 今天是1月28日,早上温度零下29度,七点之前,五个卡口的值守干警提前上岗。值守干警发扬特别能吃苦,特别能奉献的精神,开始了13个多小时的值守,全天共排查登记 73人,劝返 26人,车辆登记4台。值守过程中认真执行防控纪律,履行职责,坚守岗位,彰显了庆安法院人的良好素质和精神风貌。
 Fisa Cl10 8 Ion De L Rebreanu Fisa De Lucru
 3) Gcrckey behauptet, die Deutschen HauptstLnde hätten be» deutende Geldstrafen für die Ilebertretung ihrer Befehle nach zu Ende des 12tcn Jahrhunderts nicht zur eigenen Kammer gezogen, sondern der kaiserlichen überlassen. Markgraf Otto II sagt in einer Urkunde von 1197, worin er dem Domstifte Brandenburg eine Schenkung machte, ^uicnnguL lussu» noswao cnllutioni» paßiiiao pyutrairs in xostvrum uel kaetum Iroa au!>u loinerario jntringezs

━━━━━━━━

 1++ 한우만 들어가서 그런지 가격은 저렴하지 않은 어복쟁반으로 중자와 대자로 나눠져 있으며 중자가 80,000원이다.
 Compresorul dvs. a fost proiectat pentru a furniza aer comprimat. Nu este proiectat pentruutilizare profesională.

━━━━━━━━

- How to complete this task -
Given the records above, return exactly the lines starting at the line containing "1++ 한우만 들어가서" and ending at the line containing "Compresorul dvs. a", including both.

- Task solution -
 1++ 한우만 들어가서 그런지 가격은 저렴하지 않은 어복쟁반으로 중자와 대자로 나눠져 있으며 중자가 80,000원이다.
 Compresorul dvs. a fost proiectat pentru a furniza aer comprimat. Nu este proiectat pentruutilizare profesională.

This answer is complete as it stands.